RECORDED INFORMATION
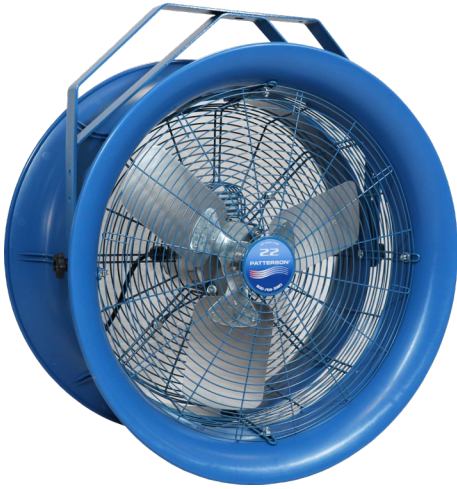
YM Yoke Mount Standard
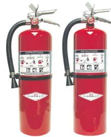
Model 397 Model 398
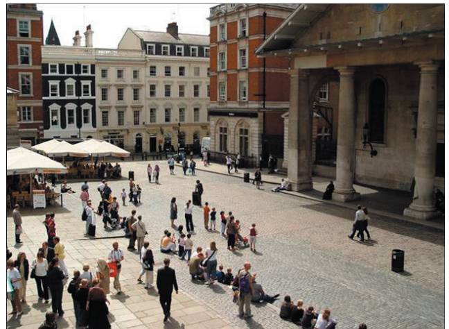
“streets - not roads - are essential for genuine - not contrived - activities”

The concepts of value were both direct and indirect and could be difficult to measure, but new ways were being found to do this and the 'Heritage Counts' suite makes a contribution to this. Case studies are also important, he said, to encourage others with challenging projects. He explored the benefits of clusters and webs of small businesses where 'creative quarters' had been established, which might also offer a sustainable model for living and working in the same place. Flexibility is the key, he said, and through conferences and publications to spread good practice and boost confidence, problems can be overcome. Recognition of the uniqueness and cultural identity of a place, together with its character, must be balanced with the needs of modern society, but Rob concluded that valuable heritage assets have an important part to play as catalysts for regeneration.
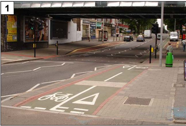
▲ Scheme Photo 1

Scheme Code: BS\LCN\HRW.05 Link Number: 88 Location: Station Road Description: Conversion of pelican crossing to cycle friendly toucan crossing. Cost: £28 075 Length: 0.08km
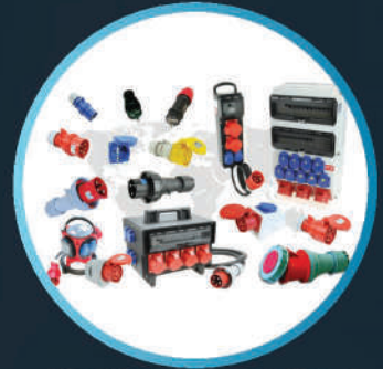
INDUSTRIAL SOCKETS PLUGS
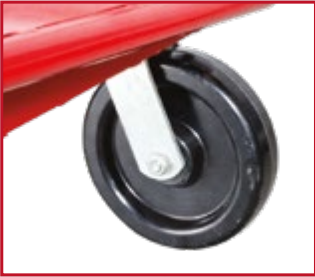
PHENOLIC CASTER LIGHTWEIGHT, PERFECT FOR CARRYING HEAVY LOADS, RESISTANT TO GREASE, OIL AND CHEMICALS.
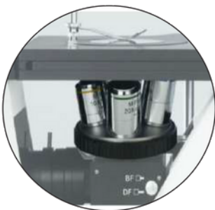
Dark Field Objective, Make Observation In Dark & Bright Field
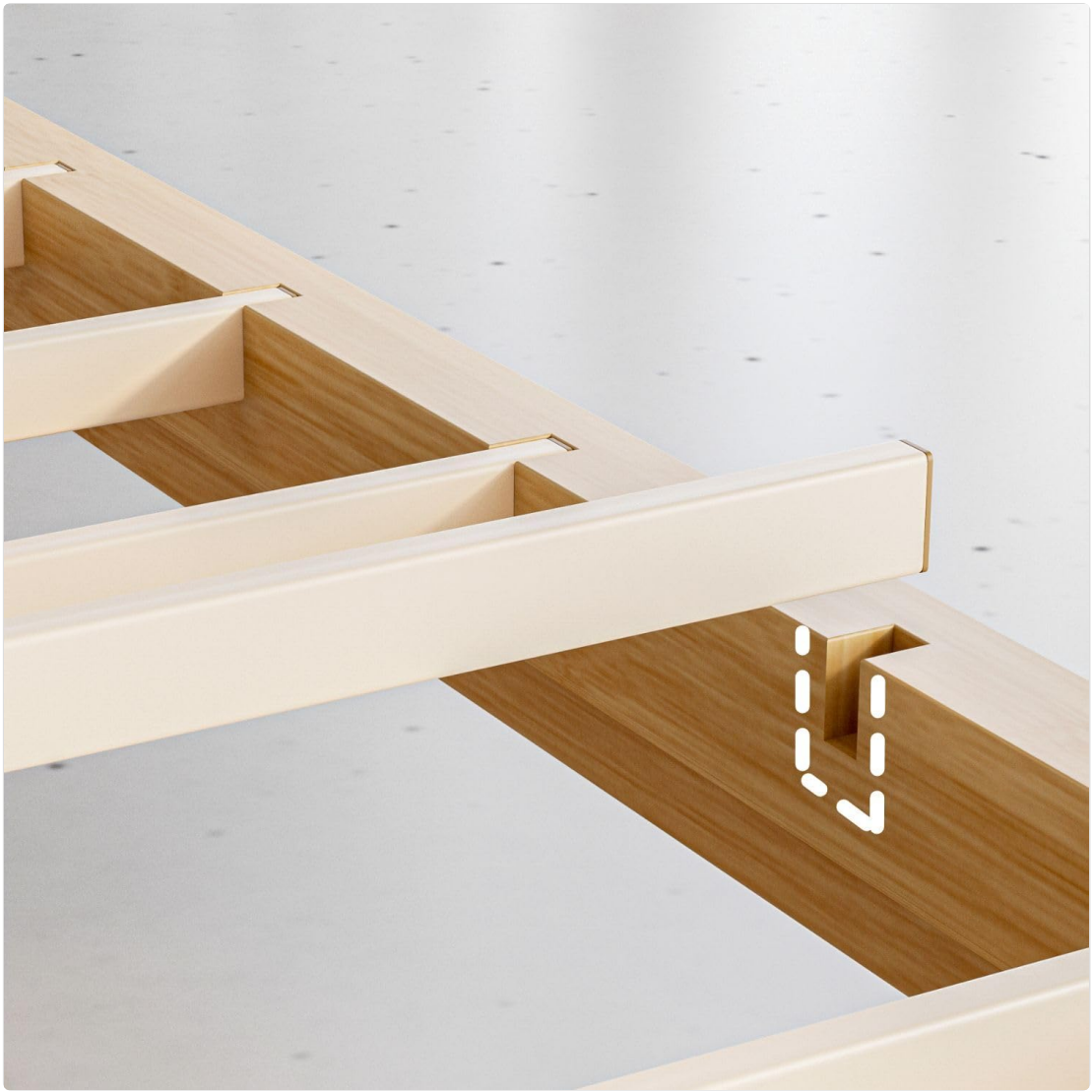
Image: Detail of the robust metal bed base structure.
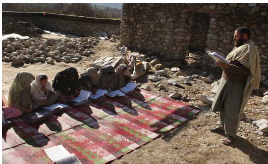
Typical village school in Afghanistan
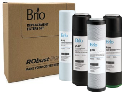
RObust PRO 500 4-Pack PP5 / GAC / CTO / PRO RF4PKROBUST
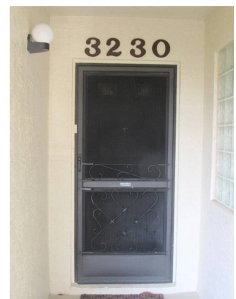
FRONT GLAZED DOORS NOT PROTECTED.

Inspectors Initials M.J.E. Property Address 3224, 3226, 3228, 3230, 3232, 3234, 3236, And 3236 Jog 33467.
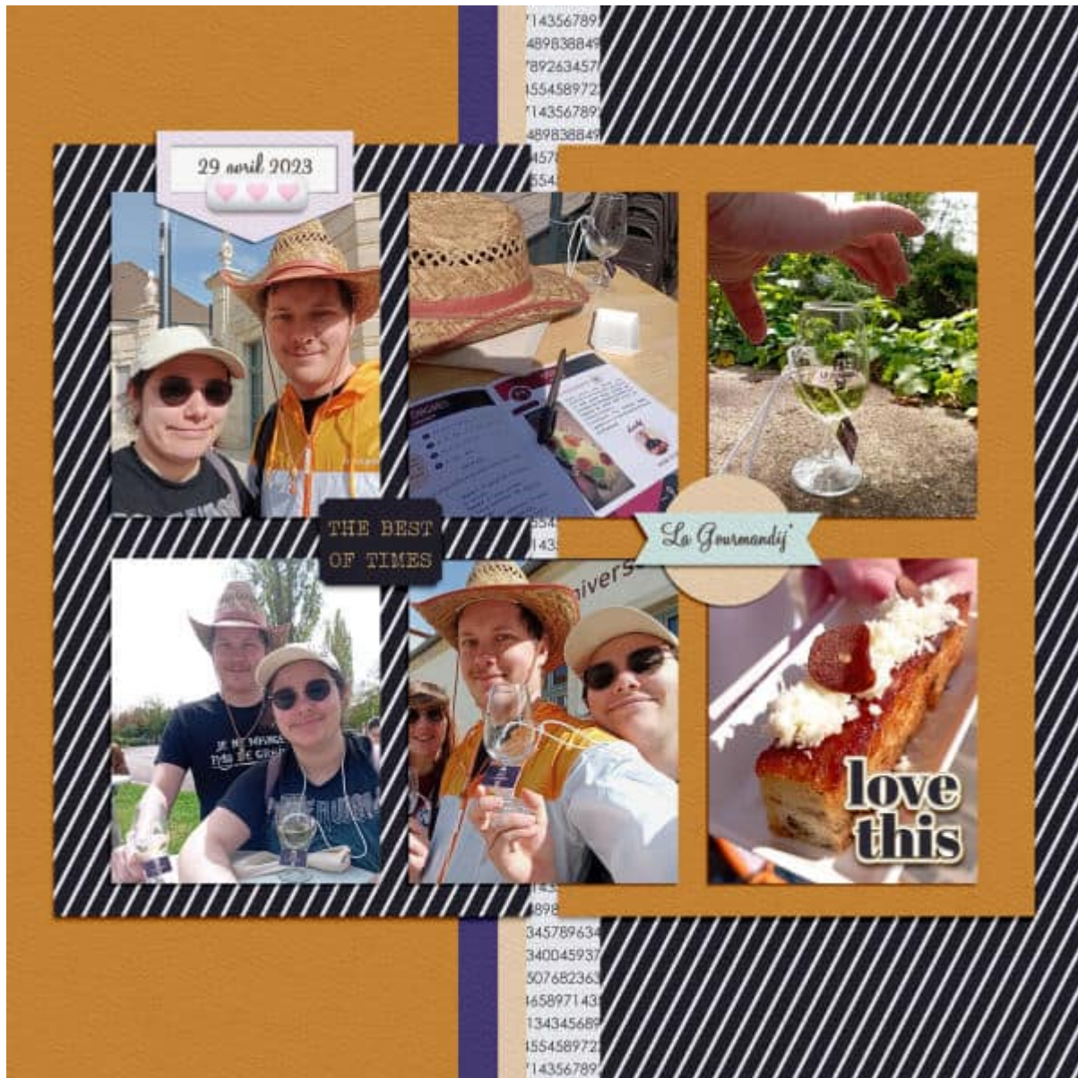
Layout by AMarie Charp

Balance is a concept a bit less obvious than alignment or repetition. Yet, it does influence your project. You might use a balanced design without even realizing it. Have a look at your favorite projects and see if you did use this concept spontaneously. And for your next pages, just try to observe how you are choosing, aligning, and layering your components. Maybe you will just add a few tweaks to make it even better.

EXERCISE GOAL
Above are some entries. Restate word for word the lines from the one holding "RObust PRO 500" through the one holding "Layout by AMarie Charp", but not the pictures.

RESPONSE TO THIS TASK
RObust PRO 500 4-Pack PP5 / GAC / CTO / PRO RF4PKROBUST
FRONT GLAZED DOORS NOT PROTECTED.

Inspectors Initials M.J.E. Property Address 3224, 3226, 3228, 3230, 3232, 3234, 3236, And 3236 Jog 33467.
Layout by AMarie Charp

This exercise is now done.